Lottare per la liberazione degli animali non significa amarli più degli uomini né mettere i loro bisogni prima dei nostri. Significa semplicemente allargare a tutti gli esseri viventi un concetto troppo spesso sconosciuto alla stessa razza umana.
Abbattere lo specismo
Movimenti per la libertà degli esseri umani, con obiettivi e risultati spesso differenti, sono sempre esistiti; ma il ruolo di schiavitù e sfruttamento in cui si sono trovate altre specie animali non è stato toccato con impegno che in tempi recenti. Questo nonostante solitarie, ma spesso autorevoli e poetiche, voci si siano sempre alzate fin dall’antichità in difesa di quei splendidi compagni di viaggio che sono gli animali. Compagni dai diritti negati da una umanità troppo impegnata nei suoi sogni di conquista materiale per potersi fermare di fronte alle sofferenze dei suoi simili, figuriamoci di fronte a quelli di “esseri inferiori”.
L’idea di assoluta superiorità umana e le conseguenti discriminazioni delle altre specie animali su questa base vengono definite specismo.
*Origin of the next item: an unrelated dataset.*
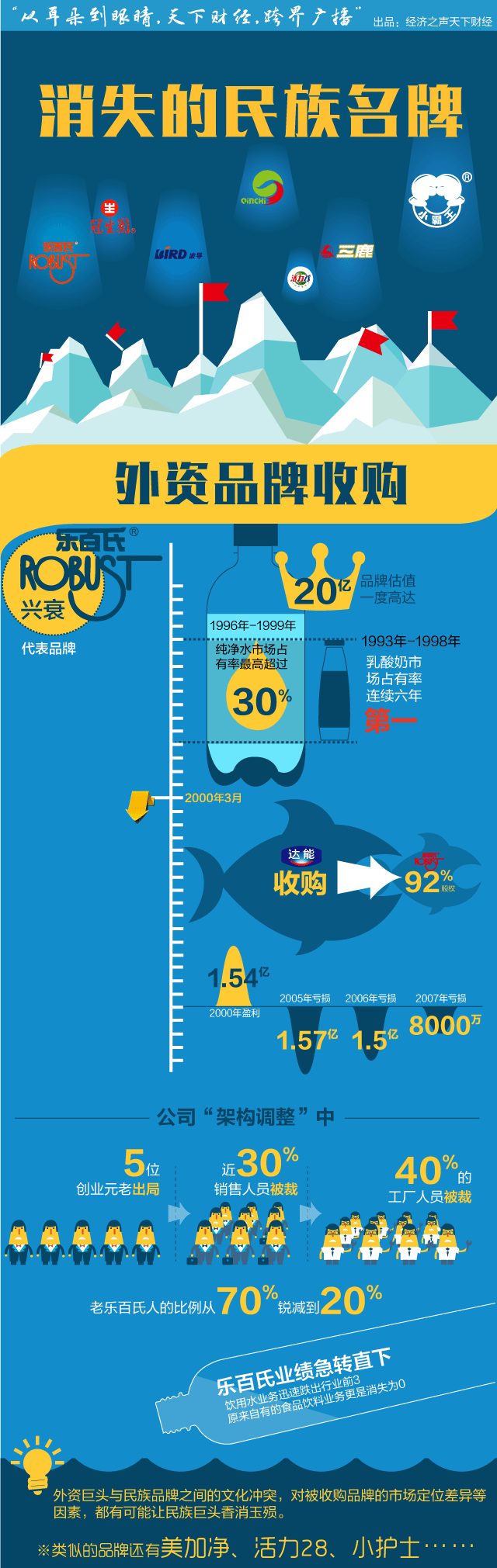 中國(guó)民族品牌艱難演變 當(dāng)形象成為中國(guó)崛起的焦點(diǎn)話題時(shí),品牌的意義就顯得格外突出。美國(guó)一家民調(diào)公司的調(diào)查表明,在各大國(guó)的形象中,品牌所占比重在不斷加重,其中以日本、德國(guó)和美國(guó)領(lǐng)先,分別為38.5%、36%和34.3%,而中國(guó)的品牌對(duì)形象的影響仍處于較低水平。近年來(lái),隨著市場(chǎng)經(jīng)濟(jì)的發(fā)展,一些中國(guó)的“”民族品牌消失了,一些新品牌脫穎而出。中國(guó)民族品牌的消亡與新生在經(jīng)歷著一個(gè)艱難的演變過(guò)程,它也在重新構(gòu)筑著中國(guó)的形象。 大上海老三件;滬上人家的品牌生活?!⊥跸壬?年前搬到上海浦東,住進(jìn)一片樓區(qū),聽(tīng)說(shuō)記者想請(qǐng)他談一談對(duì)國(guó)內(nèi)老的印象,他不由得輕嘆一聲:“老國(guó)貨品牌,現(xiàn)在家里都看不到了?!彼〕鲆槐纠舷鄡?cè),從黑白照片開始回憶,仿佛一下子回到了黃浦江那邊他生活了多年的弄堂里的一間小屋。36年前,他在那里結(jié)婚的時(shí)候,備好的是經(jīng)典的“老三件”:一對(duì)上海牌手表、一輛牌的黑色男式自行車、一輛鳳凰牌的紫紅色女款自行車,縫紉機(jī)則是“蝴蝶牌”的。王先生說(shuō),這些上海貨都是當(dāng)時(shí)國(guó)內(nèi)響的牌子,質(zhì)量沒(méi)話說(shuō)。那個(gè)年代上海人近水樓臺(tái)先得月,哪家結(jié)婚都要想方設(shè)法買全。 像這樣的國(guó)內(nèi)老,王先生還隨口說(shuō)出了很多:早上漱口的牙膏是白玉、中華,護(hù)膚常用的是美加凈,后來(lái)有電視了,有名的黑白電視品牌是“飛躍”和“金星”,西裝的老品牌是“培羅蒙”,有很長(zhǎng)一段時(shí)間,“長(zhǎng)城”“大地”風(fēng)雨衣風(fēng)靡全國(guó)……現(xiàn)在想起來(lái),王先生對(duì)這些老品牌還是贊不絕口———、鳳凰自行車好騎、經(jīng)久耐用,上海手表走幾十年照樣很準(zhǔn),培羅蒙西裝筆挺、瀟灑,還有美加凈、白玉幾十年不變的淡雅、清新讓人留戀?! 〉牵@些東西現(xiàn)在在王先生的生活中幾乎都消失了。王先生說(shuō),現(xiàn)在的人買手表,要么是瑞士表,要么是日本的卡西歐、西鐵城;洗滌、護(hù)膚品,商店里擺的幾乎都是外國(guó)牌子;服裝就更是了,子女們談?wù)撐餮b不是法國(guó)、意大利的牌子,就是英國(guó)的牌子,其實(shí)那些很多也是在中國(guó)做的,跟他們說(shuō)“長(zhǎng)城”“大地”風(fēng)雨衣,他們說(shuō)商場(chǎng)里看不到,再好也不會(huì)比“倫敦霧”更好,可“倫敦霧”什么價(jià)錢?。坎皇?位數(shù)就是5位數(shù)! 有意思的是,在國(guó)內(nèi)市場(chǎng)銷聲匿跡了的老品牌,在國(guó)外依舊有人使用。大約一個(gè)月前,本報(bào)記者在埃及開羅的一個(gè)小胡同里找到一家裁縫店,想縫補(bǔ)開了線的褲子。沒(méi)想到的是,店主杜維卡使用的竟然是中國(guó)產(chǎn)的蝴蝶牌縫紉機(jī)?!斑@臺(tái)縫紉機(jī)已經(jīng)跟我20多年了,當(dāng)初是從一個(gè)做生意的親戚那里好不容易搞到的,現(xiàn)在還是寶貝呢”,杜維卡興奮地告訴記者。記者不禁感到疑惑了,這些口碑、質(zhì)量都很好的國(guó)產(chǎn),現(xiàn)在到哪里去了呢? 或合資或兼并、跨國(guó)企業(yè)吞掉老品牌 “在上世紀(jì)七八十年代,只要是稍微有點(diǎn)名氣的國(guó)產(chǎn)貨,老百姓都會(huì)搶著去買?!被貞浧甬?dāng)年國(guó)產(chǎn)品牌的盛景,中國(guó)企業(yè)聯(lián)合會(huì)副理事長(zhǎng)李建明感慨萬(wàn)千。談到國(guó)產(chǎn)品牌因何馳騁時(shí),李建明認(rèn)為,一方面是當(dāng)時(shí)的國(guó)產(chǎn)品牌質(zhì)量確實(shí)過(guò)硬,另一方面就是當(dāng)時(shí)的中國(guó)市場(chǎng)沒(méi)有完全開放,對(duì)外國(guó)企業(yè)和品牌的進(jìn)入有許多限制和約束,給民族品牌提供了良好的發(fā)展空間??墒?,進(jìn)入市場(chǎng)經(jīng)濟(jì)以后,這些國(guó)內(nèi)的生產(chǎn)企業(yè)突然面對(duì)無(wú)比激烈的國(guó)際競(jìng)爭(zhēng),對(duì)手又都是國(guó)際巨頭,巨大的壓力下,有些企業(yè)消亡了,有些接受了跨國(guó)公司的合資或兼并。有一組數(shù)據(jù)極為觸目驚心:90%的中外合資合作企業(yè),使用的是外國(guó)投資方的商標(biāo);目前我國(guó)八大飲料公司已有7家被美國(guó)的可口可樂(lè)或百事可樂(lè)吞并;四大年產(chǎn)量超8萬(wàn)噸的洗衣粉廠被外企吃掉了3個(gè);國(guó)外品牌在化妝品市場(chǎng)占75%?! 】鐕?guó)企業(yè)想進(jìn)入中國(guó),通常會(huì)選擇與中國(guó)的本土合資,大眾、寶潔等品牌都是這樣進(jìn)入中國(guó)的。用品牌專家李光斗的話說(shuō),跨國(guó)公司對(duì)中國(guó)品牌的策略歷來(lái)都是:“打得贏就打,打不贏就買,買了之后就束之高閣?!睂?duì)于價(jià)值較大的中國(guó)品牌,外商一般不會(huì)買斷其所有權(quán),而是以較少的資金買斷其使用權(quán)。合資后,外商一般會(huì)利用自己的控股決策權(quán),有意把中方品牌安排在低檔產(chǎn)品上,或干脆將中方品牌棄之不用,同時(shí)大力培育外方品牌。中方品牌合資后若幾年不用,就會(huì)被消費(fèi)者逐漸淡忘。而中國(guó)企業(yè)出于缺乏資金、管理經(jīng)驗(yàn)和技術(shù)的現(xiàn)實(shí)狀況,渴望從與外企的合資和

Così come l’idea di superiorità di una razza hanno portato al razzismo e alle sue conseguenze, così la proclamata superiorità dell’uomo ha sempre giustificato qualunque gesto nei confronti degli animali non umani, considerati addirittura essere viventi ma sua proprietà. L’eliminazione dell’idea specista è il primo fondamentale passo verso la libertà animale, nonostante ancora molte associazioni animaliste o ecologiste non se ne siano avvedute e continuano, forse involontariamente, a promulgarla.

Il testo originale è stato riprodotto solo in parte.